The reducing at 322 may include reducing to produce and/or facilitate flow of bitumen from the first mobilizing agent chamber, away from the first horizontal well system, toward the second horizontal well system, toward the second mobilizing agent chamber, and/or into the second horizontal well system. Stated another way, the reducing at 322 may include producing and/or generating a motive force for flow of mobilizing agent and/or bitumen, within the subterranean fon-nation, generally away from the first mobilizing agent chamber, and/or toward the second mobilizing agent chamber.
The reducing at 322 may include reducing such that a second injection pressure of the second mobilizing agent stream to a threshold percent of a first injection pressure of the first mobilizing agent stream. Examples of the threshold fraction of the first injection pressure include threshold fractions of at least 5, at least 10, at least 20, at least 30, at least 40, at least 50, at least 60, at least 70, at least 80, at least 90, at most 95, at most 90, at most 80, at most 70, at most 60, at most 50, at most 40, at most 30, at most 20, and/or at most 10 percent of the first injection pressure.
The reducing at 322 additionally or alternatively may include reducing such that a pressure difference between the first injection pressure and the second injection pressure is equal to a maximum pressure difference between a maximum mobilizing agent chamber pressure and a virgin reservoir pressure of the subterranean formation. Additionally or alternatively, the pressure differential may be at least 5, at least 10, at least 20, at least 30, at least 40, at least 50, at least 60, at least 70, at least 80, at least 90, at most 95, at most 90, at most 80, at most 70, at most 60, at most 50, at most 40, at most 30, at most 20, and/or at most 10 percent of the maximum pressure difference. The maximum pressure difference also may be referred to herein as a maximum permissible pressure difference, a maximum pressure difference that is achievable by bitumen production system 10, and/or a maximum pressure difference before fracture of the subterranean formation.
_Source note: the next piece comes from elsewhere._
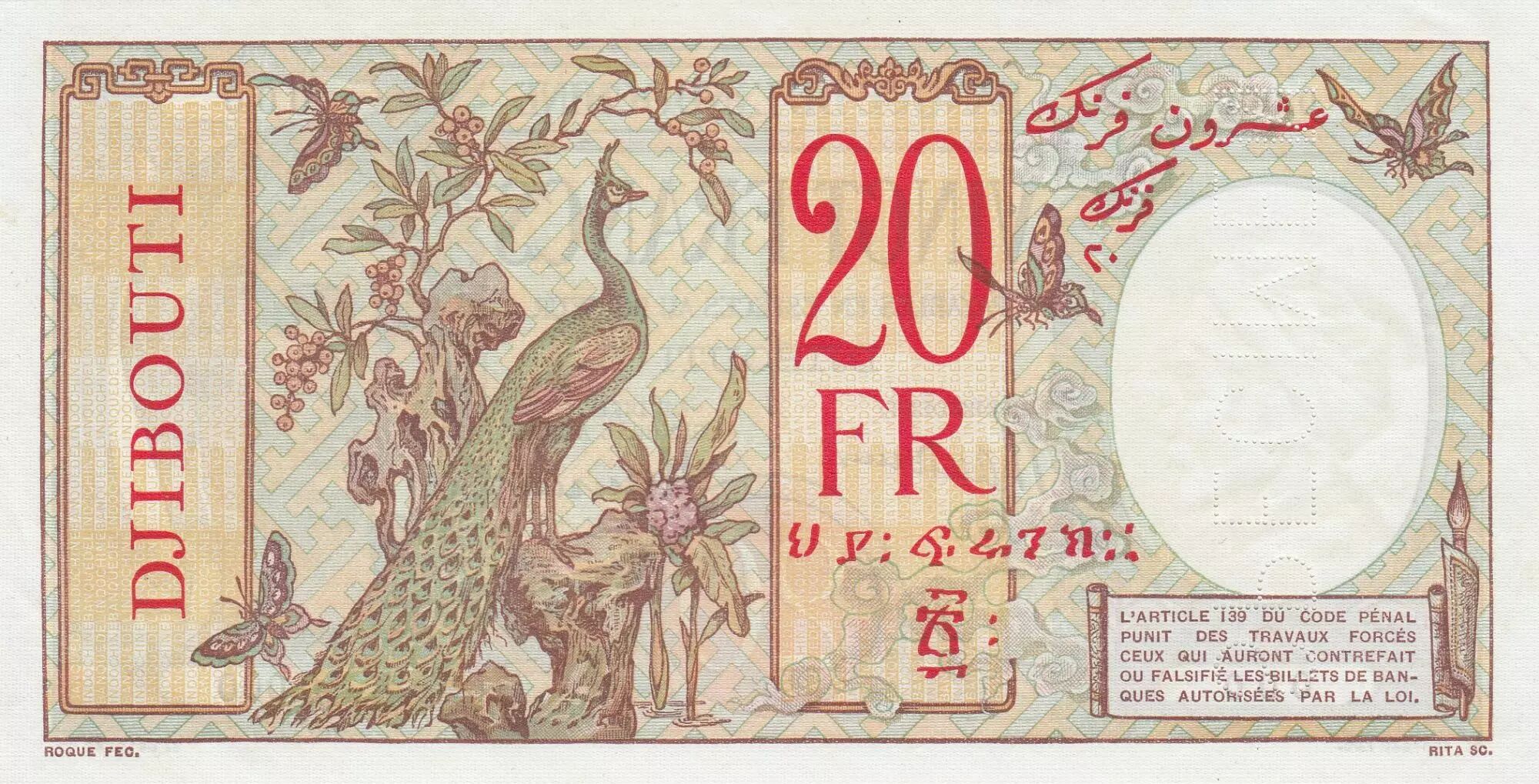 Billet Djibouti 20 Francs au Paon, à plats rouges - Spécimen - ND (1938) - NEUF - Kol.612s

The reducing at 322 additionally or alternatively may include reducing such that a second injection rate of the second mobilizing agent stream is a threshold percent of a first injection rate of the first mobilizing agent stream. Examples of the threshold fraction of the first injection rate include threshold fractions of at least 5, at least 10, at least 20, at least 30, at least 40, at least 50, at least 60, at least 70, at least 80, at least 90, at most 95, at most 90, at most 80, at most 70, at most 60, at most 50, at most 40, at most 30, at most 20, and/or at most 10 percent of the first injection rate.
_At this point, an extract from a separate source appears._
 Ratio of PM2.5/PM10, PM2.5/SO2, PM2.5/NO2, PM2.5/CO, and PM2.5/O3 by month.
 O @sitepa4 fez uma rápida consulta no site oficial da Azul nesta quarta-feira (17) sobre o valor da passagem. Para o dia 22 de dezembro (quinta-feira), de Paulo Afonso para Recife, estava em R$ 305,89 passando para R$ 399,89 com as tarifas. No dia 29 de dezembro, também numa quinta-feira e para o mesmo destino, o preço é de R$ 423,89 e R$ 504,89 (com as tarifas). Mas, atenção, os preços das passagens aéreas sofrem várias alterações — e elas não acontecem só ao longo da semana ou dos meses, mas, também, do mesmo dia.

Increasing the relative injection of the second mobilizing agent stream at 324 may be performed subsequent to the reducing at 322. The increasing at 324 may include increasing injection of the second mobilizing agent stream into the second mobilizing agent chamber relative to injection of the first mobilizing agent stream into the first mobilizing agent chamber.
This may include increasing a flow rate of the second mobilizing agent stream into the second mobilizing agent chamber, increasing an injection pressure of the second mobilizing agent stream, and/or increasing a pressure within the second mobilizing agent chamber. Additionally or alternatively, the increasing at 324 may include decreasing a flow rate of the first mobilizing agent stream into the first mobilizing agent chamber, decreasing an injection pressure of the first mobilizing agent stream, and/or decreasing a pressure within the first mobilizing agent chamber.
The increasing at 324 may include increasing to produce and/or facilitate flow of bitumen from the second mobilizing agent chamber, away from the second horizontal well system, toward the first horizontal well system, toward the first mobilizing agent chamber, and/or into the first horizontal well system. Stated another way, the reducing at 322 may include producing and/or generating a motive force for flow of mobilizing agent and/or bitumen, within the subterranean for-nation, generally away from the first mobilizing agent chamber, and/or toward the second mobilizing agent chamber.
The increasing at 324 may include increasing such that the first injection pressure is a threshold percent of the second injection pressure. Examples of the threshold percent of the second injection pressure include threshold fractions of at least 5, at least 10, at least 20, at least 30, at least 40, at least 50, at least 60, at least 70, at least 80, at least 90, at most 95, at most 90, at most 80, at most 70, at most 60, at most 50, at most 40, at most 30, at most 20, and/or at most 10 percent of the first injection pressure.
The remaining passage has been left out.